Pennsylvania operator Comprehensive Healthcare Management Services was found guilty in a sprawling health care fraud case, following a five-week federal trial in Pennsylvania, involving two of its facilities.
Brighton Rehabilitation and Wellness Center and Lebanon Rehabilitation and Wellness Center were found guilty of making false statements in connection with the payment of health care benefits and for the purpose of obstructing and impeding the investigation and proper administration of a matter within the jurisdiction of the Centers for Medicare & Medicaid Services (CMS), according to a statement from the office of U.S. Attorney Eric Olshan, Western District of Pennsylvania.
Brighton was convicted of six counts and Mt. Lebanon of four counts.
“Today, the jury held the two corporate defendants criminally liable for a total of 10 counts of making false statements and obstructing CMS’s critically important work of ensuring that nursing facilities comply with the law,” said Olshan. “This office and our law enforcement partners will continue to seek accountability for any individual or business that pursues profit through deceit and does so at the expense of vulnerable members of our community.”
Sentencing is scheduled in May before the U.S. District Judge Robert J. Colville. The law provides for a maximum total sentence of five years’ probation, a $500,000, or both.
On Monday, individual defendants – the executives at the two facilities and Comprehensive’s CEO – involved in the case, were, however, found not guilty on all counts.

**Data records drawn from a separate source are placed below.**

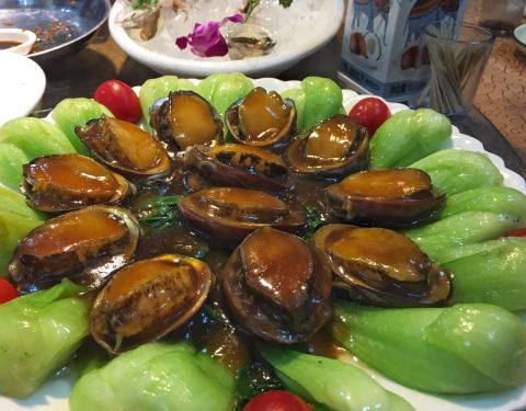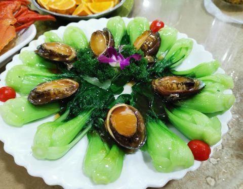 - 红烧鲍鱼:上面鲍鱼底下青菜,看起来颜值很高,鲍鱼Q弹细嫩青菜也很入味
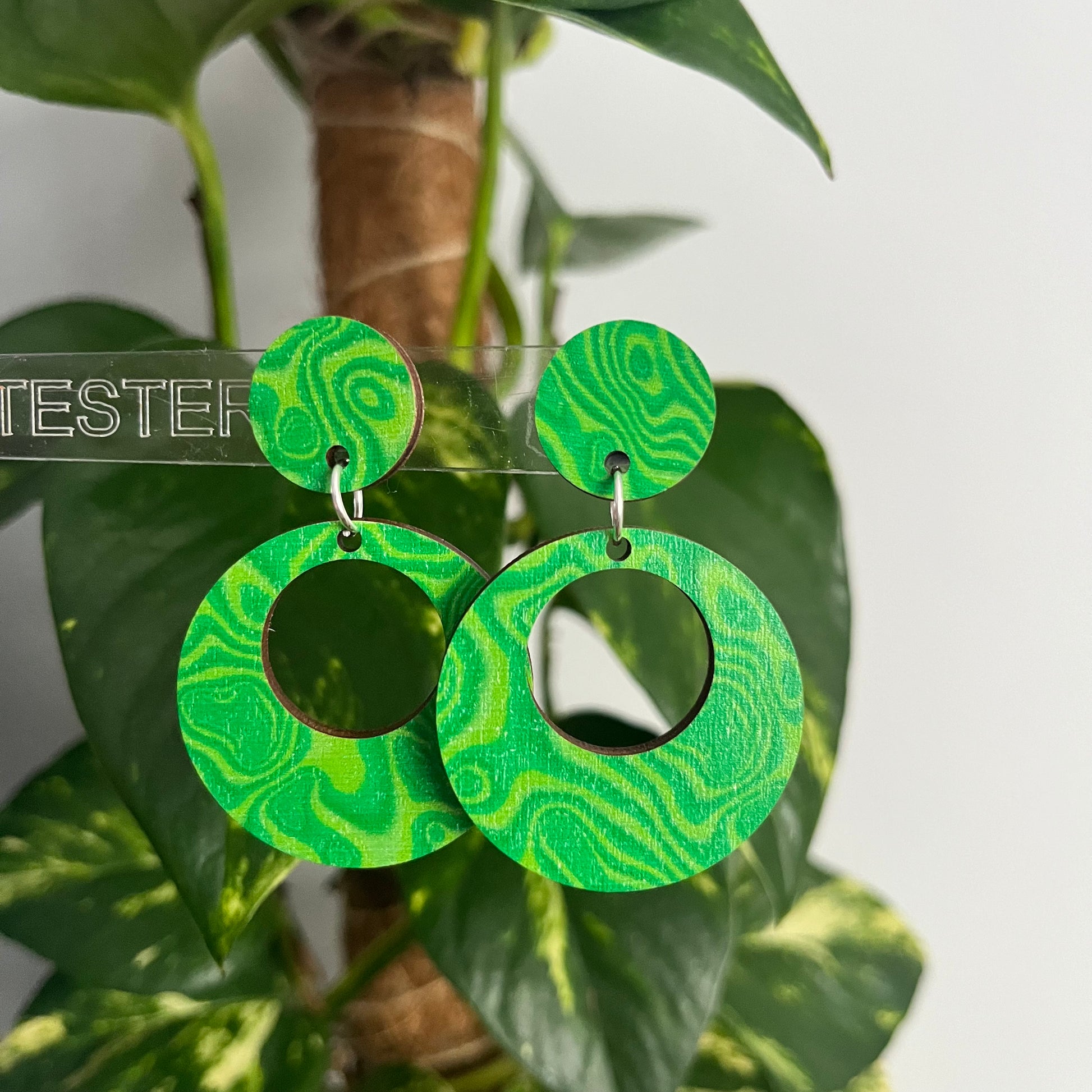 Strange Days are inspired by The Doors, psychedelic rock, lava lamps and nature! This was an early design that was created with polymer clay and has since been brought back as a staple and made using FSC certified wood rather than polymer clay.
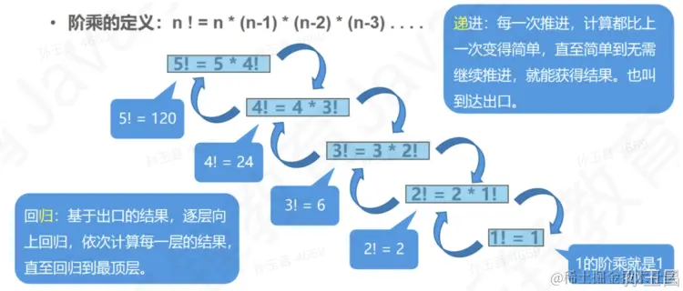 大家应该都听过阶乘的概念,那么如何通过代码实现阶乘的效果呢?我们先来看下图,复习一下阶乘的实现过程。

The five individuals originally charged were exonerated on Monday: Sam Halper, owner and CEO of Comprehensive; Eva Hamilton, director of nursing for Brighton; Michelle Romeo, regional manager with oversight at both properties; Susan Gilbert, former administrator at Mt. Lebanon Rehab; and Johanna Haller, former regional director of social services for Comprehensive’s facilities.
The criminal case alleged two different schemes by the defendants. In one, staff were accused of falsifying documents so it appeared they were meeting staffing requirements, listing “ghost employees” on staffing sheets that were not working, according to reports.
The other alleged scheme involved nursing home administrators changing patient depression scores and therapy recommendations, and delaying discharge dates to increase reimbursement.
Philadelphia-based law firm Welsh & Recker, which represented Haller, said such acquittals among individuals are “exceedingly rare” for federal criminal trials.
“We are deeply gratified by today’s verdict,” said Catherine M. Recker, a Welsh & Recker co-founding partner. “We have said from the very beginning that our client was completely innocent of the charged conduct. She did nothing wrong and looks forward to putting this matter behind her.”
A key to the jury’s finding, the firm said, was the fact that Haller conducted interviews of residents to document acuity.
The case, filed in the Western District of Pennsylvania, was captioned United States v. Gilbert.